* **What you will do**
No pictures belong in the copy. Retype exactly, and only, the stretch of lines below from the one with "The main level" through the one with "Bà Nguyễn Thị".

··········

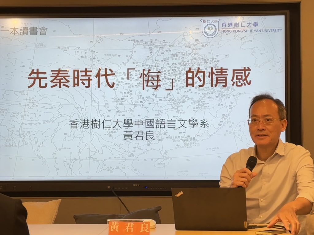 黃君良博士以先秦時代「悔」的情感為講題。他向《樹仁簡訊》介紹,研究先秦時代「悔」的思想比較少。這項研究聚焦於「悔」在中國文化背景下的道德文化涵義——作為一種道德情感,「悔」以愧疚、絕望、悲痛及憤恨等負向情緒作為驅動力,促使主體反省並改正錯誤,培養道德自律,提升德性內涵和人生智慧。
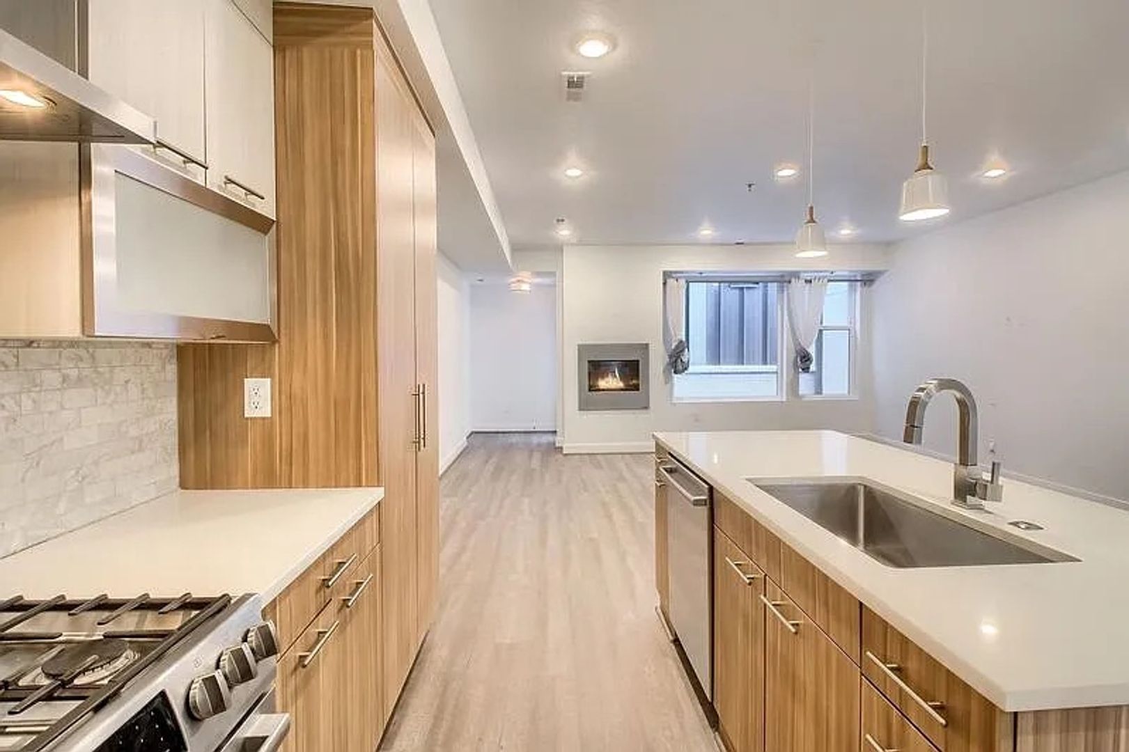 The main level features hardwood floors, high ceilings, and a seamless flow between the living, dining, and kitchen areas. The kitchen is a true centerpiece with quartz countertops, stainless steel appliances, and a large island, perfect for entertaining. A cozy fireplace anchors the living space, while a main-floor office or non-conforming third bedroom with an attached bath adds flexibility.
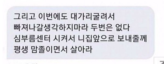 또 “이번에도 머리 굴려서 빠져나갈 생각 하지 마라, 두번은 없다”면서 “심부름센터 시켜서 니 집 앞으로 보내줄게 평생 맘 졸이면서 살아라”라고 한차례 더 문자를 보냈다.
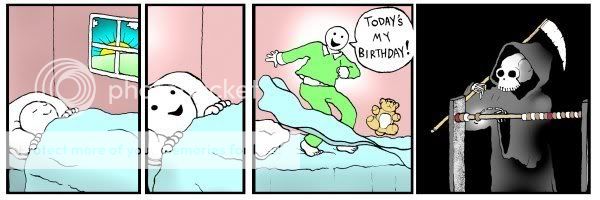 Lol, "Another year older, another year closer to death."?
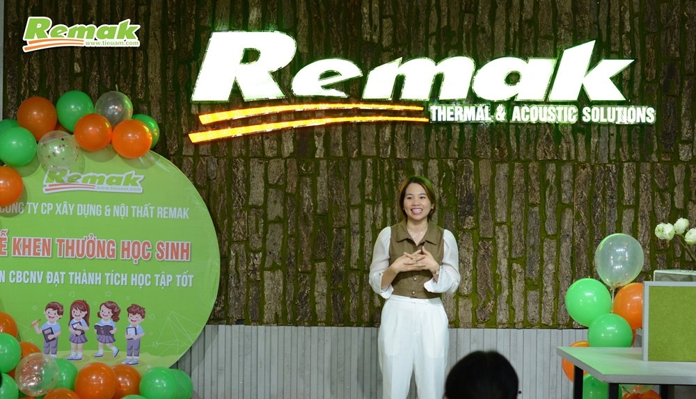 Bà Nguyễn Thị Ngọc Ánh – Giám đốc Cty CP Xây dựng & Nội thất Remak phát biểu khai màn chương trình. Đại diện cho doanh nghiệp, bà Ánh biểu dương tinh thần nỗ lực, quyết tâm học tập, rèn luyện và những thành tích xuất sắc của các bạn học sinh: "Công ty rất vui mừng trước kết quả các con đạt được và mong rằng, trong thời gian tới, các con tiếp tục phát huy tinh thần chăm ngoan, học giỏi, thực hiện tốt 5 điều Bác Hồ dạy. Remak cũng hy vọng sẽ được tiếp tục đồng hành cùng Quý Phụ huynh là cán bộ công nhân viên công ty trong quá trình nuôi dạy và giáo dục các con suốt những năm về sau."
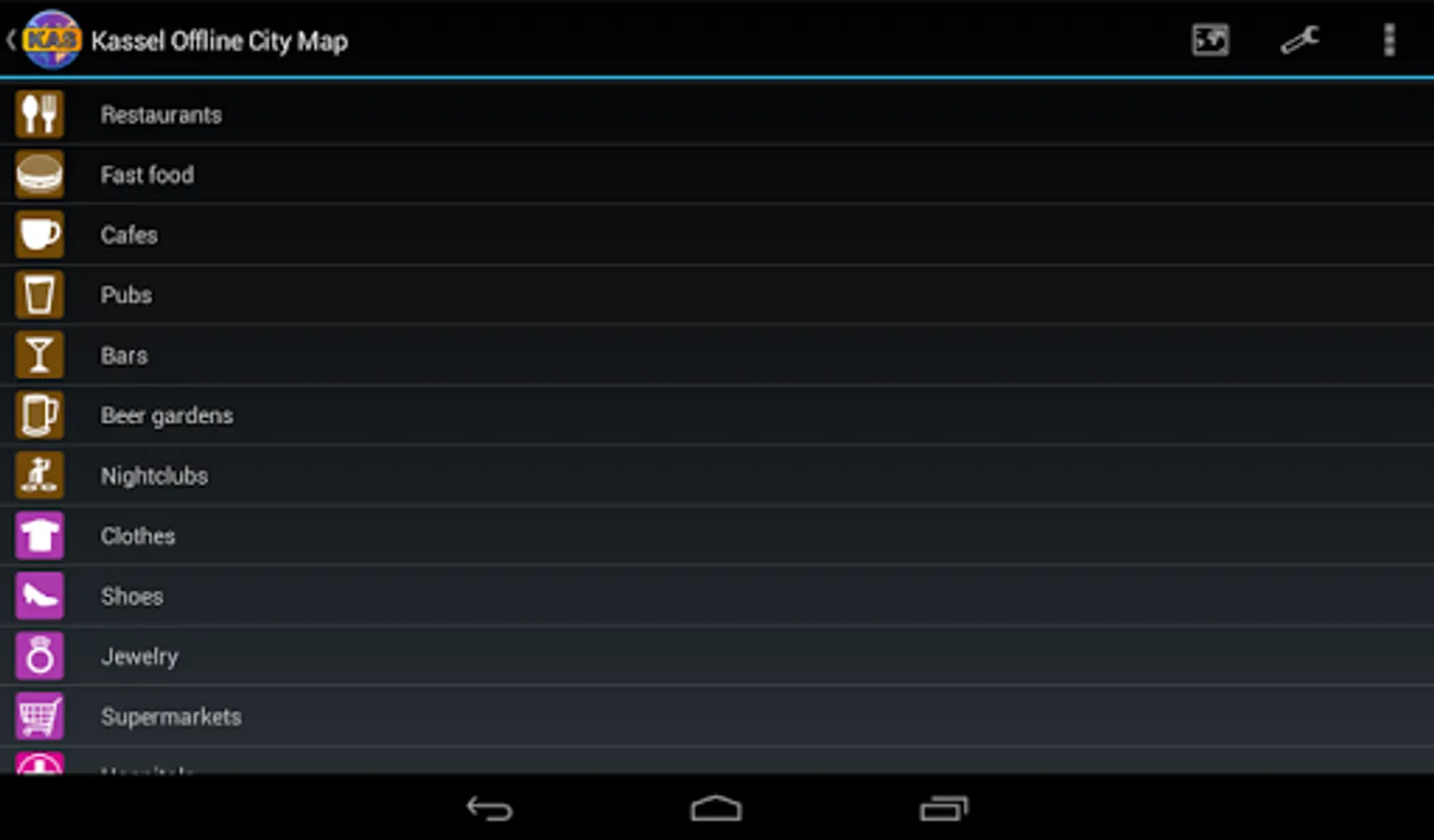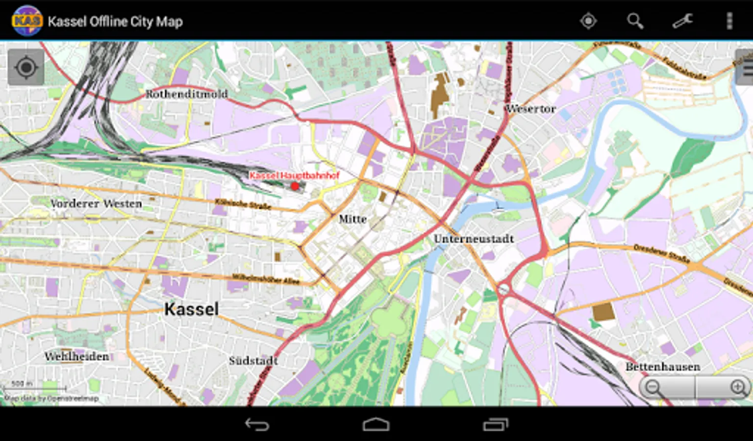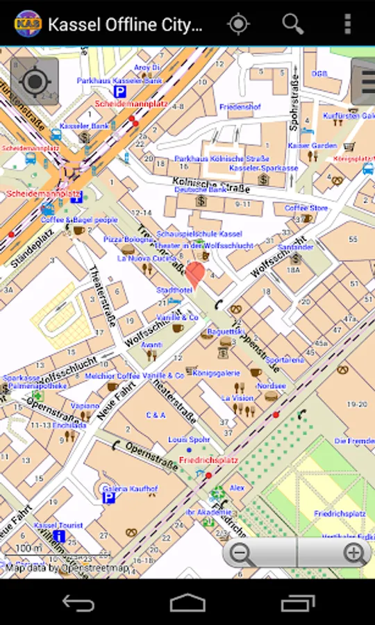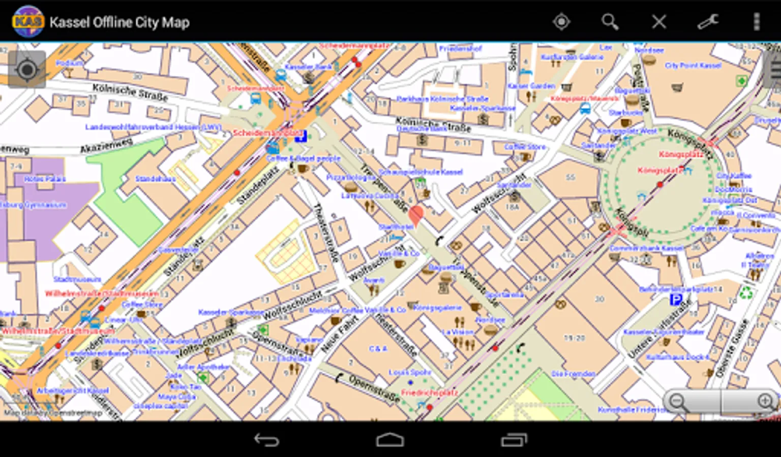 With this app you have the map of Kassel right in your pocket! It offers an interactive map that lets you browse the city at amazing detail. Additionally, it comes with a search index for locating streets, but also other places of interest such as museums, restaurants, cafés, hotels, sights and many more. After installing the app, no internet access is required anymore, neither for browsing the map nor for using the search functionality. As a result, the map loads reliably fast and it helps you reducing your data usage to stay within the limits of your data plan. Even if you're a tourist and do not have any mobile data plan at all, the map works equally well, independent of WIFI connectivity.
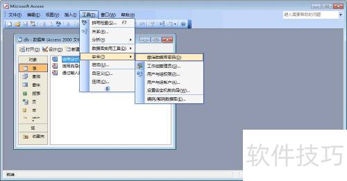 9、 通过工具-安全-撤消数据库密码选项,即可解除数据库密码。
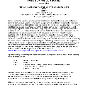 Notice of public hearing concerning tentative updated waste discharge requirements for CEMEX, Kerlinger Plant, unclassified landfill and recycling operations, San Joaquin County

··········

* **Written solution**
 The main level features hardwood floors, high ceilings, and a seamless flow between the living, dining, and kitchen areas. The kitchen is a true centerpiece with quartz countertops, stainless steel appliances, and a large island, perfect for entertaining. A cozy fireplace anchors the living space, while a main-floor office or non-conforming third bedroom with an attached bath adds flexibility.
 또 “이번에도 머리 굴려서 빠져나갈 생각 하지 마라, 두번은 없다”면서 “심부름센터 시켜서 니 집 앞으로 보내줄게 평생 맘 졸이면서 살아라”라고 한차례 더 문자를 보냈다.
 Lol, "Another year older, another year closer to death."?
 Bà Nguyễn Thị Ngọc Ánh – Giám đốc Cty CP Xây dựng & Nội thất Remak phát biểu khai màn chương trình. Đại diện cho doanh nghiệp, bà Ánh biểu dương tinh thần nỗ lực, quyết tâm học tập, rèn luyện và những thành tích xuất sắc của các bạn học sinh: "Công ty rất vui mừng trước kết quả các con đạt được và mong rằng, trong thời gian tới, các con tiếp tục phát huy tinh thần chăm ngoan, học giỏi, thực hiện tốt 5 điều Bác Hồ dạy. Remak cũng hy vọng sẽ được tiếp tục đồng hành cùng Quý Phụ huynh là cán bộ công nhân viên công ty trong quá trình nuôi dạy và giáo dục các con suốt những năm về sau."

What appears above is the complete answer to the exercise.